Le proteste che stanno dilagando in questi giorni nelle città statunitensi, per l’omicidio di un afroamericano durante un controllo di polizia, offrono numerosi spunti di discussione molto interessanti per chi si occupa di privacy e nuove tecnologie.
In questa sede non tratteremo il tema della morte di George Floyd (non che non ci interessi, sia chiaro); ciò che invece affronteremo è l’aspetto tecnologico della rivolta che, come vedremo, ha assunto un ruolo primario nelle strategie di entrambi gli schieramenti. Il digitale ha mostrato con la massima chiarezza il proprio volto ambivalente. Strumento utile per il progresso dei diritti civili in seno di una società democratica o anche strumento di sorveglianza, repressione e disinformazione.

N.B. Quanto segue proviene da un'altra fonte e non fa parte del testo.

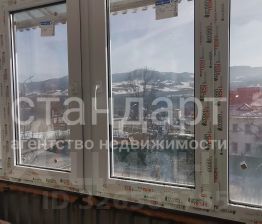 - В квартире: 2 комнаты, кухня, окна с видом на горы, застекленный балкон, есть небольшой участок под окнами с хозпостройкой, спокойные соседи. Вся мебель остается.

Tutto è cominciato con un post e uno smartphone
In effetti, i social e la tecnologia sono all’origine stessa della protesta perché – ricordiamolo – Il video dell’arresto di George Floyd è stato reso conoscibile al mondo in quanto trasmesso con una diretta social da una persona che vi ha assistito; e poi diffuso via internet tra il 25 ed il 26 maggio 2020. Senza social forse non sarebbe scoppiato il caso; non avrebbero saputo, non avremmo saputo e tutto sarebbe stato impunito.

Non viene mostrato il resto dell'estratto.